▶ EXERCISE GOAL: Would you print the listing that follows exactly, but without its pictures?

GIVEN ENTRIES START

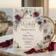 Announce your romantic garden ceremony with this sophisticated botanical suite, featuring a refined palette of dusty blue, blush pink, and burgundy roses.This design features a soft cream background framed by an arching border of dusty blue, burgundy red, and blush pink roses mixed with sage green eucalyptus foliage. The composition utilizes a formal typographical hierarchy, pairing elegant calligraphy script for names with a classic serif font for event details. A scannable square tech element is seamlessly incorporated into the traditional layout without disrupting the visual flow. This is a flat printed image with a printed watercolor painting effect, not actual raised material or hand-painted texture.
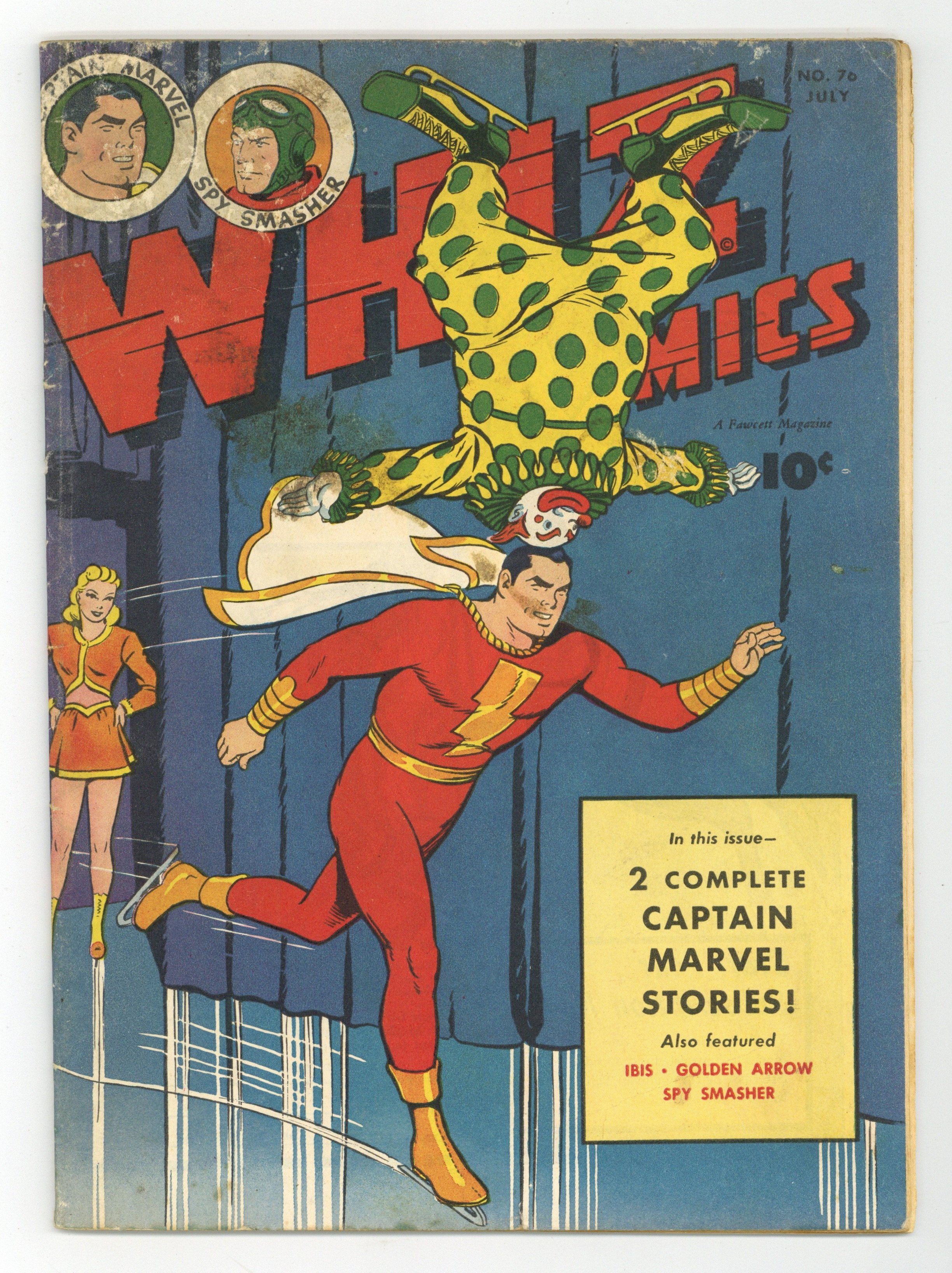 Cover by C. C. Beck. Stories and art by Basil Wolverton, Otto Binder, George Tuska and Al Carreno. The Fawcett comic that introduced the original Captain Marvel (Shazam) to the world. With WWII over, Alan Armstrong is ready to retire his famous Spy Smasher identity. But when crooks steal the plans for his Gyro-Sub, he assumes a new alter ego for peacetime: Crime Smasher. Captain Marvel finds himself part of an ice-skating show after Billy Batson gets in over his head. Plus a "Culture Corner" strip by legendary cartoonist Basil Wolverton, featuring useless but hilarious advice on "How to Contemplate the Back of Your Pate." Captain Marvel: The Ice Follies; Golden Arrow: The Psychological Angle; Whipper-Snappers; Wilbur the Waiter; Spy Smasher: Introduces Crime Smasher; Bank Robbery; The Culture Corner; Ibis the Invincible: The Flying Dutchman; Doc Sorebones; Mickey the Monitor Supplies the Evidence; Captain Marvel: The Subway Gold Rush. 48 pages, Full Color. Cover price $0.10.
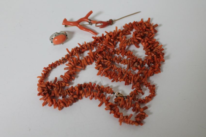 A collection of coral jewellery
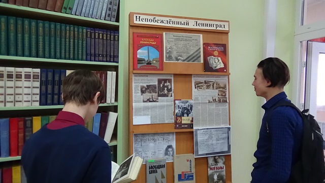 В читальном зале библиотеки организована книжно-иллюстративная выставка «Непобежденный Ленинград», на которой представлены книги и статьи о героической и трагической странице в истории нашей страны.
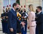 Что касается наряда жены французского президента Брижит Макрон, то она выбрала для встречи темно-синее платье от любимого ею Louis Vuitton, украшенное узнаваемой монограммой бренда.
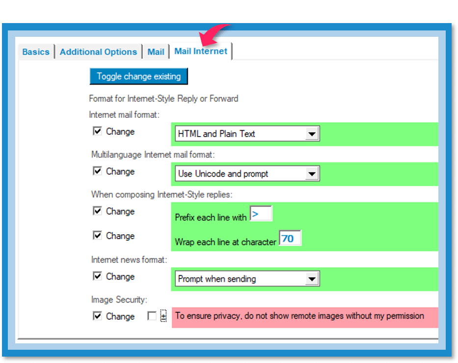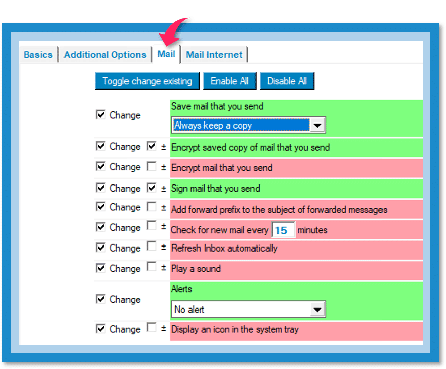 The Mail tab works the same as the Basics tab. Here, though, you are specifically controlling functions relevant for emails.

GIVEN ENTRIES END

▶ WRITTEN RESPONSE:
 Announce your romantic garden ceremony with this sophisticated botanical suite, featuring a refined palette of dusty blue, blush pink, and burgundy roses.This design features a soft cream background framed by an arching border of dusty blue, burgundy red, and blush pink roses mixed with sage green eucalyptus foliage. The composition utilizes a formal typographical hierarchy, pairing elegant calligraphy script for names with a classic serif font for event details. A scannable square tech element is seamlessly incorporated into the traditional layout without disrupting the visual flow. This is a flat printed image with a printed watercolor painting effect, not actual raised material or hand-painted texture.
 Cover by C. C. Beck. Stories and art by Basil Wolverton, Otto Binder, George Tuska and Al Carreno. The Fawcett comic that introduced the original Captain Marvel (Shazam) to the world. With WWII over, Alan Armstrong is ready to retire his famous Spy Smasher identity. But when crooks steal the plans for his Gyro-Sub, he assumes a new alter ego for peacetime: Crime Smasher. Captain Marvel finds himself part of an ice-skating show after Billy Batson gets in over his head. Plus a "Culture Corner" strip by legendary cartoonist Basil Wolverton, featuring useless but hilarious advice on "How to Contemplate the Back of Your Pate." Captain Marvel: The Ice Follies; Golden Arrow: The Psychological Angle; Whipper-Snappers; Wilbur the Waiter; Spy Smasher: Introduces Crime Smasher; Bank Robbery; The Culture Corner; Ibis the Invincible: The Flying Dutchman; Doc Sorebones; Mickey the Monitor Supplies the Evidence; Captain Marvel: The Subway Gold Rush. 48 pages, Full Color. Cover price $0.10.
 A collection of coral jewellery
 В читальном зале библиотеки организована книжно-иллюстративная выставка «Непобежденный Ленинград», на которой представлены книги и статьи о героической и трагической странице в истории нашей страны.
 Что касается наряда жены французского президента Брижит Макрон, то она выбрала для встречи темно-синее платье от любимого ею Louis Vuitton, украшенное узнаваемой монограммой бренда.
 The Mail tab works the same as the Basics tab. Here, though, you are specifically controlling functions relevant for emails.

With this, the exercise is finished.